The Ayrshire countryside was the site of a violent and bloody religious persecution in the 17th century. The Covenanters were a group of simple people who refused to follow King Charles II's instructions on religious matters. Many were hunted down and arrested in the hills and glens for holding illegal religious services. The captured rebels were then taken to Edinburgh for trial. The trial verdicts were mostly foregone conclusions, and many of the covenanters were hanged in the infamous Grassmarket area of that city. Others hid in the hills for many months, but were eventually discovered by the King's soldiers and shot where they stood, for refusing to recognise the King as the head of the church. 

The hardcore of the Covenanting movement was in the radical south-west of Scotland.
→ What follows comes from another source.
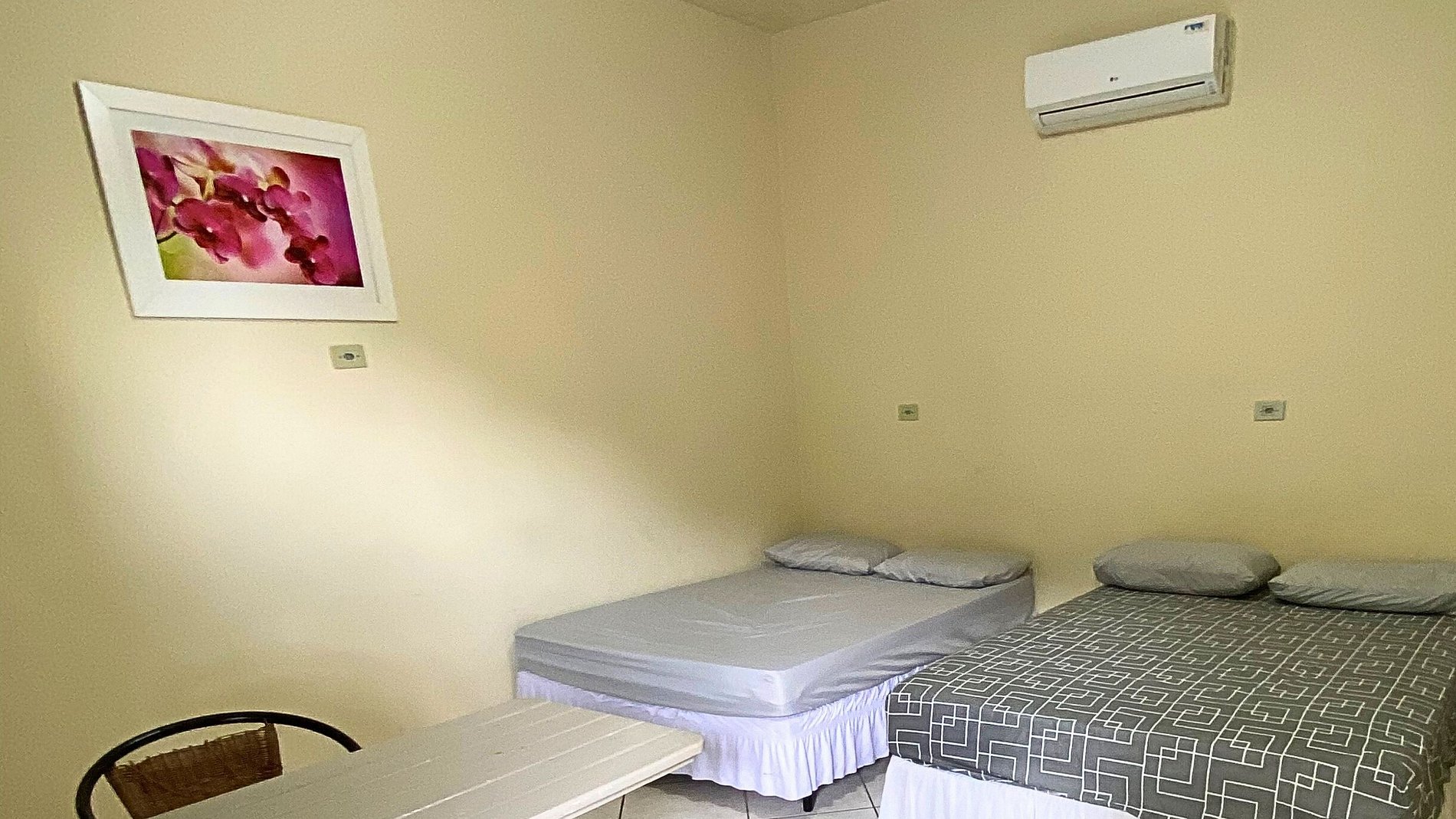 The suite has air conditioning, Sky TV, two double beds, a table with chairs and a private bathroom.

Several Cumnock men were involved in the Pentland Rising; the Covenanting march from Dumfries via Mauchline, Ochiltree and Cumnock to the debacle of the battle of Rullion Green in 1666. This was followed by repression, and two local men were amongst those who paid for insurrection. Patrick McNaught was indicted in 1667, and George Crawford, a Cumnock weaver, was executed in December 1666. 

Further unrest in 1678 brought a billeting of some of the Highland Host* in the parish. An armed uprising followed, which ended disastrously with the Covenanters' defeat at the battle of Bothwell Brig. Two Cumnock men, John Gemill and James Mirrie, were taken prisoner, incarcerated in Edinburgh. The prisoners were held in the Greyfriar’s Churchyard, Canongate and Edinburgh Tollbooths (prisons) and Heriot’s Hospital. In November 1679, these unfortunates were led on to a ship in Leith, the Crown of London, with 257 prisoners, where they were to be transported to English plantations in America to become slaves. They spent 12 days in port, confined in a small space below deck, said to be so crowded that many fainted and some almost suffocated. They were given little to drink or eat which only exacerbated their already bleak conditions.
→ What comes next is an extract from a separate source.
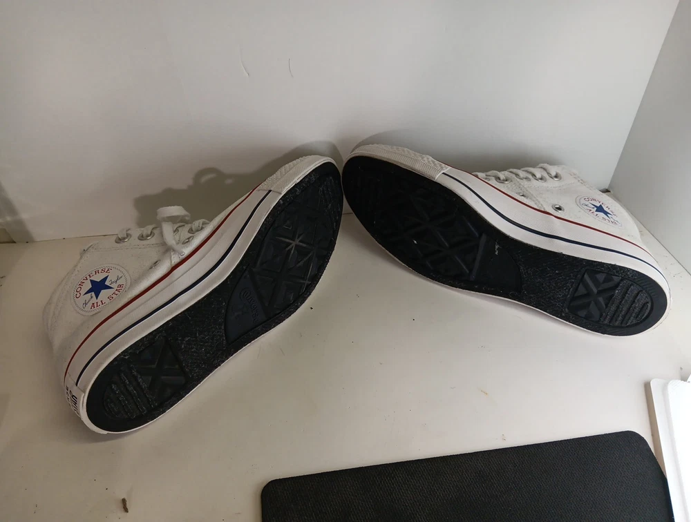 Elevate your casual wear with these white Converse Chuck Taylor All Star sneakers. Designed with a lace-up closure and low-top shoe shaft style, these sneakers are perfect for any occasion, whether it be activewear or casual outings. The canvas fabric type and breathable features make them ideal for summer, spring, and fall seasons. These unisex sneakers come in size 6.5 US and 4 UK, with a standard shoe width. The rubber outsole material and cushioned insole provide comfort and support for activities such as walking, weightlifting, school, and skateboarding. The Converse Chuck Taylor All Star product line and star theme add a touch of uniqueness to these classic sneakers.

The captain's planned course is unknown, but the ship’s first port of call was Orkney, where, on 10 December 1679, she sheltered from a storm off Scarvataing, a headland in the parish of Deerness, a mile or two from the sheltered bay of Deer Sound.

In gales typical of the season, the ship was driven onto rocks after her anchor chain snapped. The captain and crew escaped the doomed vessel by hacking down the ship's mast and clambering across it to reach land.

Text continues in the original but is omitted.